Mauer K W, Staats B A, Olsen K D
Mayo Clin Proc. 1983 Jun;58(6):349-53.
Fourteen children with disordered breathing during sleep (obstructive apnea, obstructive hypopnea, or snoring) and anatomic obstruction of the upper airway were studied. Twelve children had hypertrophied tonsils and adenoids, and two had a deviated nasal septum. No child had sequelae of severe sleep apnea--that is, cor pulmonale, pulmonary hypertension, or alveolar hypoventilation. Results of polysomnographic studies were abnormal in all and revealed that obstructive hypopnea (increased respiratory effort with decreased airflow) was more common than obstructive apnea (increased respiratory effort without airflow). Surgical removal or correction of the upper airway obstructive lesion in 12 children resulted in normal nocturnal respiration. Surgical intervention was declined in two patients, and their symptoms persist. We conclude that surgical removal of upper airway obstructive lesions in children with disturbed nocturnal sleep should not be reserved only for those with serious sequelae of obstructive sleep apnea; considerable benefit is gained in selected patients with mild obstructive sleep apnea or hypopnea.
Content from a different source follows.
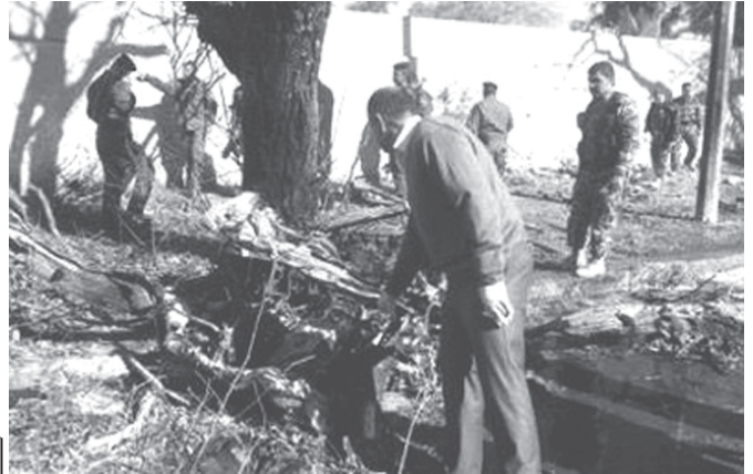
Security personnel inspect the site of a bomb attack in Kirkuk, some 250 km (155 miles) north of Baghdad, on 16 March, 2011. A car bomb killed two people and wounded 35 in central Kirkuk, police Major-General Torhan Abdul-Rahman said.

对14名睡眠期间呼吸紊乱(阻塞性呼吸暂停、阻塞性呼吸不足或打鼾)且存在上呼吸道解剖性阻塞的儿童进行了研究。12名儿童患有扁桃体和腺样体肥大,2名儿童患有鼻中隔偏曲。没有儿童出现严重睡眠呼吸暂停的后遗症,即肺心病、肺动脉高压或肺泡通气不足。所有多导睡眠图研究结果均异常,显示阻塞性呼吸不足(气流减少时呼吸努力增加)比阻塞性呼吸暂停(无气流时呼吸努力增加)更常见。12名儿童的上呼吸道阻塞性病变经手术切除或矫正后,夜间呼吸恢复正常。两名患者拒绝手术干预,其症状持续存在。我们得出结论,对于夜间睡眠受扰的儿童,不应仅将上呼吸道阻塞性病变的手术切除保留给那些患有阻塞性睡眠呼吸暂停严重后遗症的儿童;对于某些轻度阻塞性睡眠呼吸暂停或呼吸不足的患者,也能获得相当大的益处。